In short, there are so many ways that the US economy is lagging behind today (innovation, education, systemic risk analysis), and if we are not careful, we are going to fall further behind. Today, we are locked into a simplistic debate about the efficiency of the private market and the inefficiency of state “meddling” in the economy. First, there is no clear argument that private ownership is better.
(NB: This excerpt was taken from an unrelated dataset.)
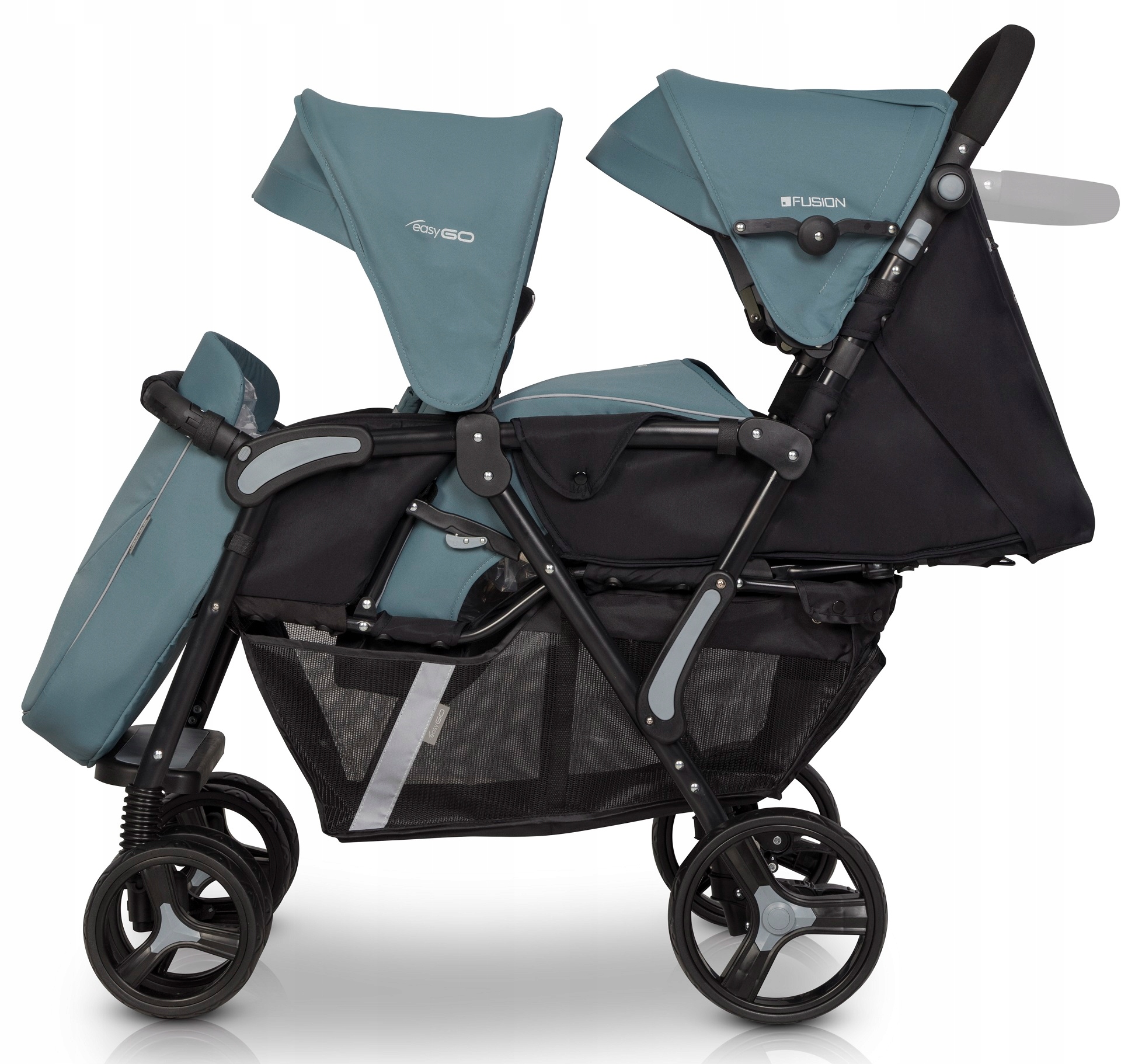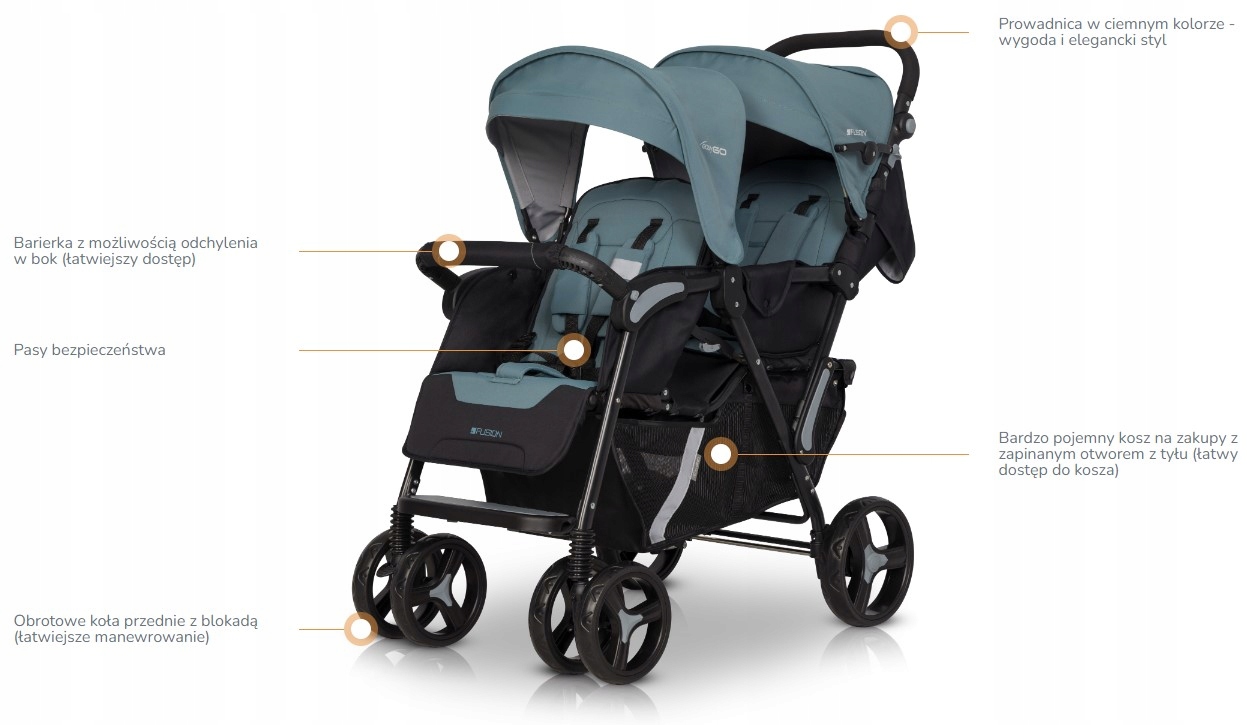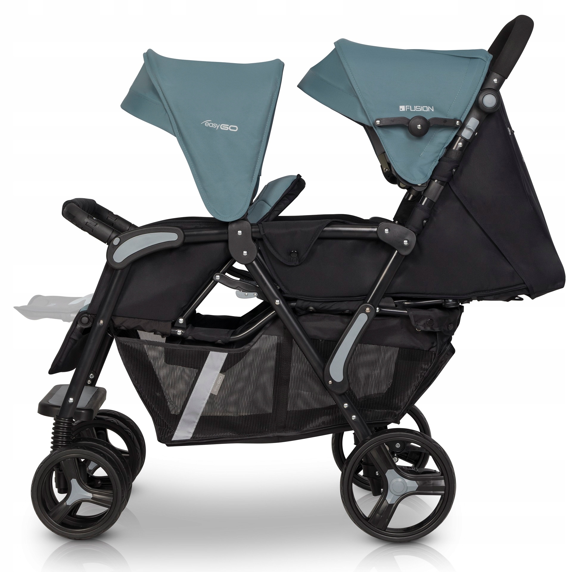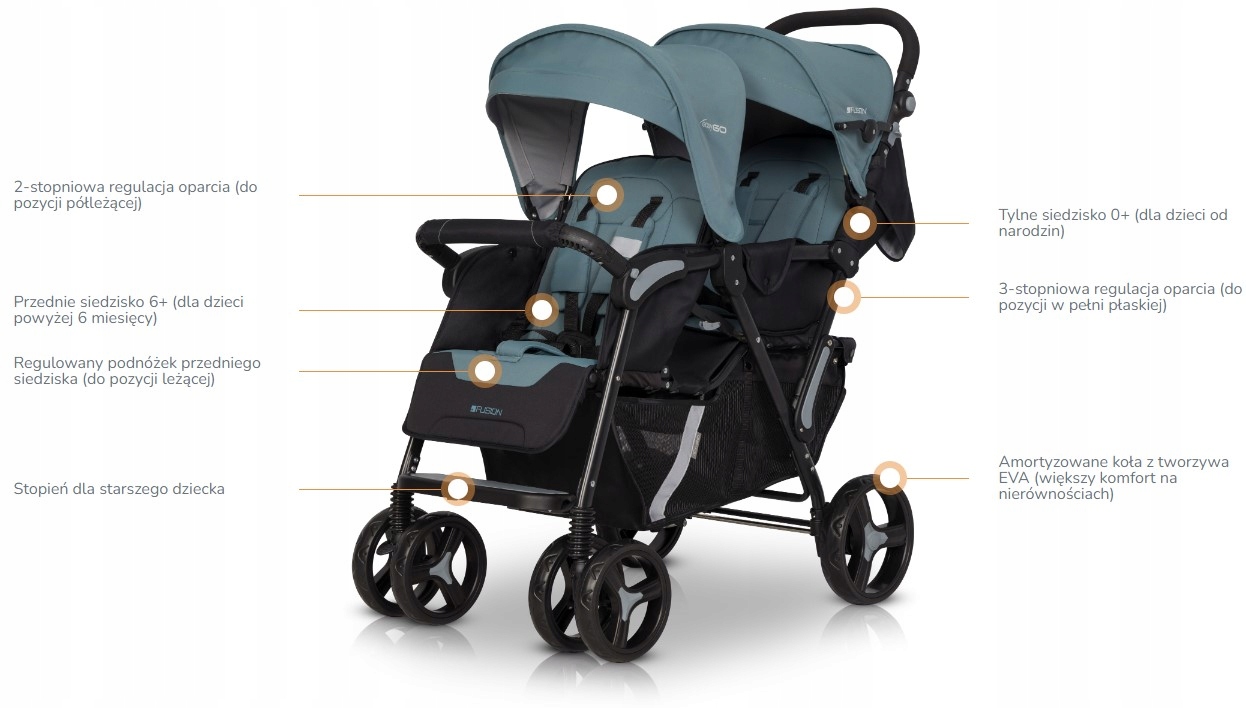 FUSION от EASYGO — коляска-тандем для близнецов или детей из года в год. Заднее сиденье предназначено для детей с рождения (0+) и имеет регулировку спинки до полностью горизонтального положения. Заднее сиденье также приспособлено для установки детской вставки (так называемой мягкой люльки), которая также доступна в нашем предложении. Переднее сиденье предназначено для детей от шести месяцев. Спинка регулируется в двух положениях. Подножка имеет полный диапазон регулировок от положения сидя до полностью лежачего положения. Дополнительная пластиковая ступенька на ножках обеспечивает комфорт и позволяет более взрослым детям самостоятельно садиться в коляску.

General Motors and Chrysler have been every bit as lethargic and inward looking as the worst caricature of the classic State-Owned organization might be; yet PetroChina is by almost every statistic the most efficient oil company in the world. But innovation is better in the private economy you might say; perhaps in some cases. But China is killing us in the development of clean tech right now. Why? Because the state has deemed it important, and it invests in it. The best we can do is tax credits to stimulate private sector development. The bottom line is that we need to get out of our simplistic mindset of a laissez-fair market economy. And we need to wake up and learn from the careful way in which the Chinese economy is being planned.